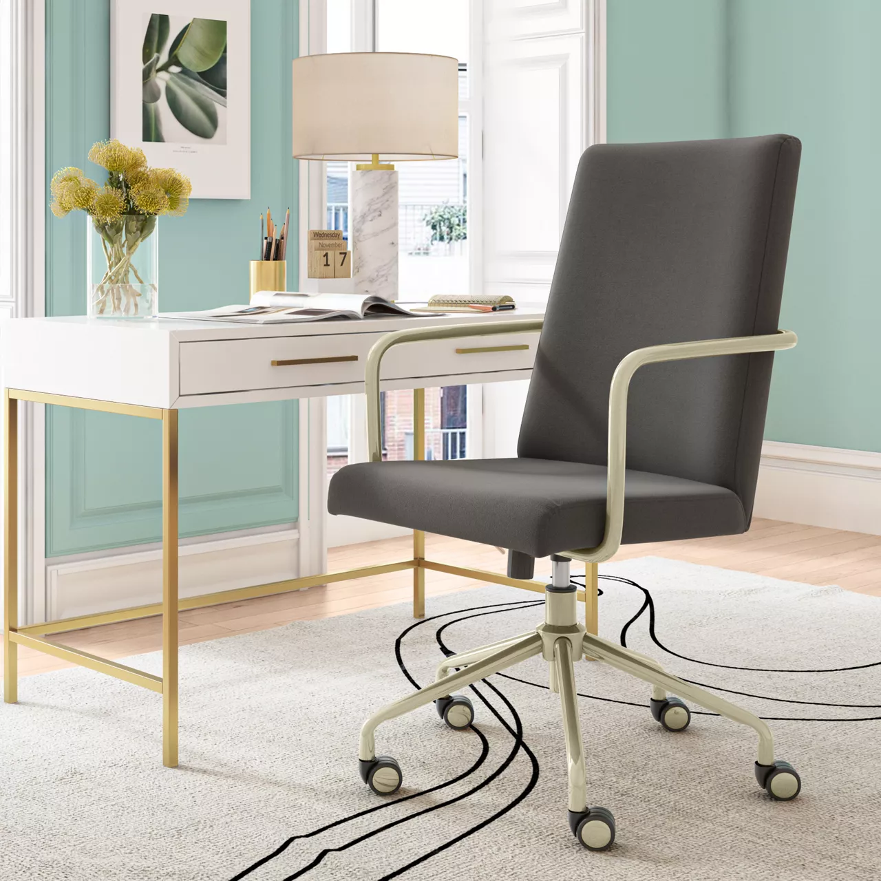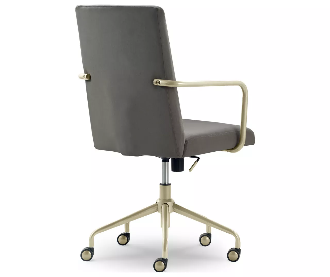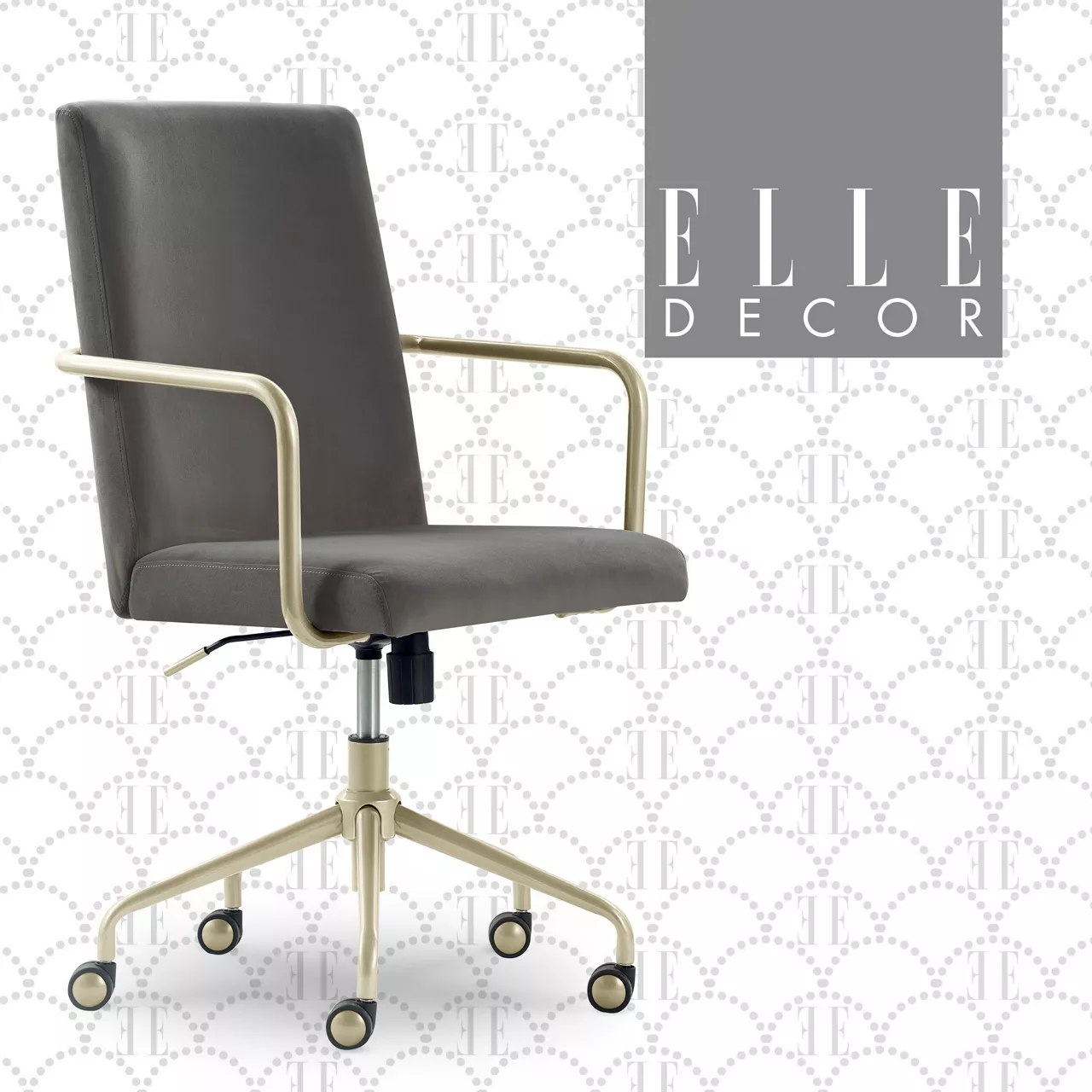 Transform any small, boring office into a cool, modern workspace with the Elle Decor Giselle Office Chair. This computer chair boasts plenty of features designed to make you feel like an executive while you’re hard at work or chatting with friends from the computer at your desk. The sleek chair fits right into a small or big room, elevating its surroundings thanks to the cute back, upholstered ergonomic seat cushion, and gold metal trim that goes from arm to base to wheels. This chair offers the ideal modern accent for your home office, bedroom, or vanity. From the buttery soft fabric to the flash of gold, this desk chair makes any room into a chic, creative space.
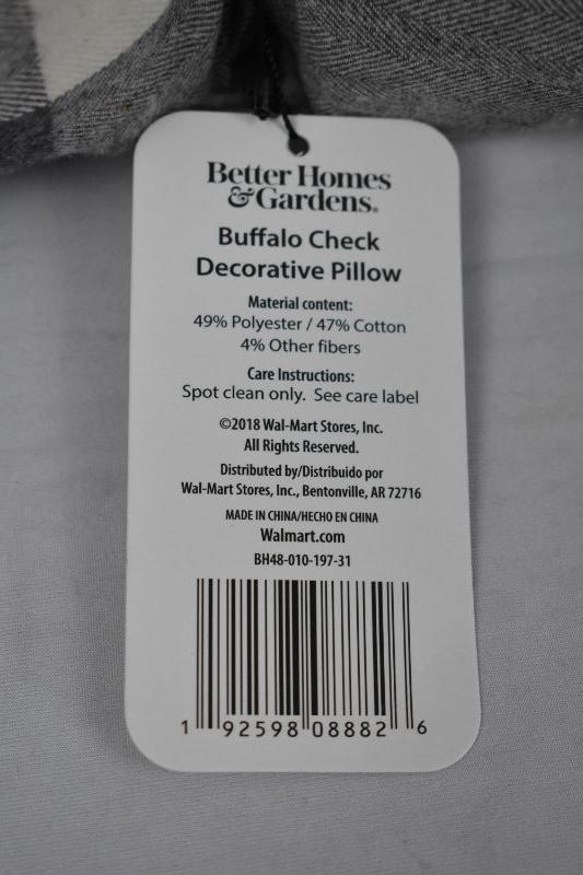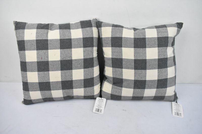 Better Homes and Gardens Buffalo Check Decorative Throw Pillows, Gray & Cream 18" x 18", Quantity 2 (2 Red Marks on 1 Side of 1 Pillow) - New
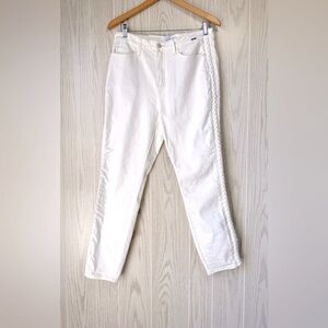 Judy Blue Women's Mid-Rise SS Braided Detail Relaxed Skinny Jeans (White, 13x31) NWT
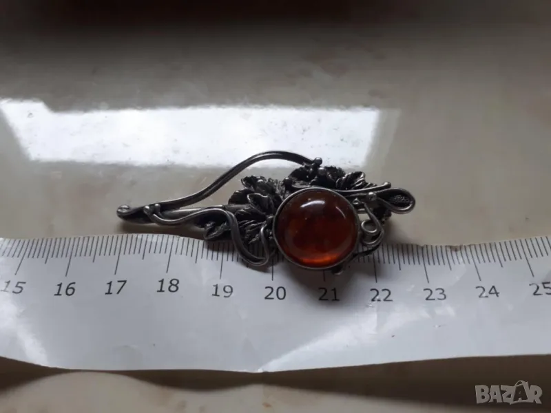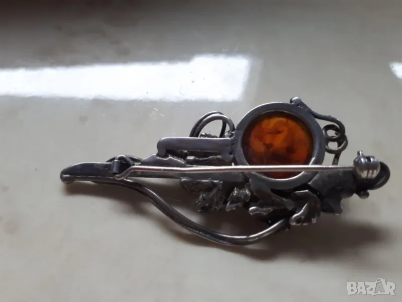 Сребърна брошка с естествен кехлибар → Обява 49603135
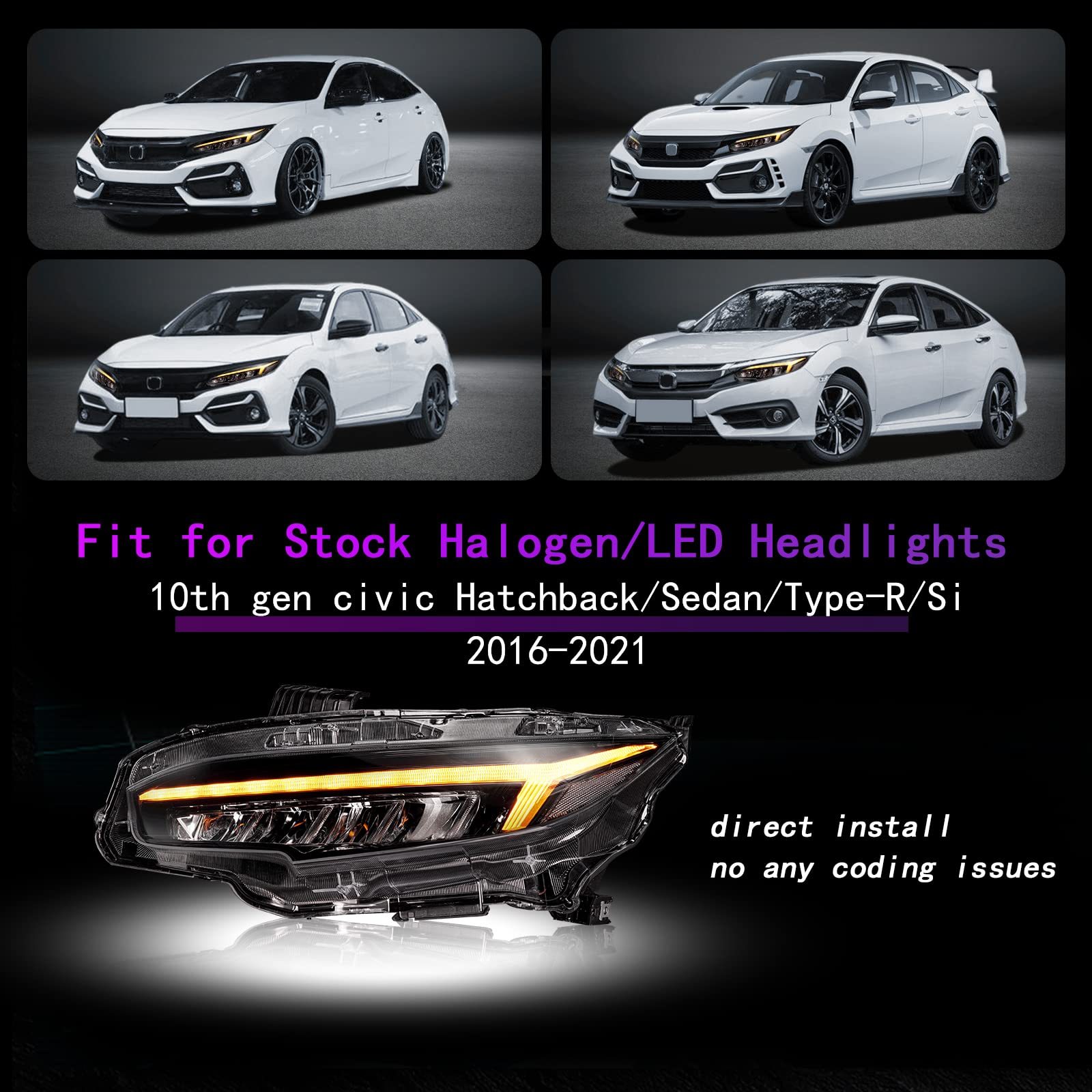 LED Headlights for 2016–2021 Honda Civic 10th Gen Sedan/Coupe/Hatchback – Sequential Turn Signal, Full LED Assembly, Fits EX/LX/Sport/Touring/Si/Type R

——

> _Your task_
Everything from the line containing "Better Homes and" through the final line of the material must be set down exactly, except the pictures.

> _Result for this task_
 Better Homes and Gardens Buffalo Check Decorative Throw Pillows, Gray & Cream 18" x 18", Quantity 2 (2 Red Marks on 1 Side of 1 Pillow) - New
 Judy Blue Women's Mid-Rise SS Braided Detail Relaxed Skinny Jeans (White, 13x31) NWT
 Сребърна брошка с естествен кехлибар → Обява 49603135
 LED Headlights for 2016–2021 Honda Civic 10th Gen Sedan/Coupe/Hatchback – Sequential Turn Signal, Full LED Assembly, Fits EX/LX/Sport/Touring/Si/Type R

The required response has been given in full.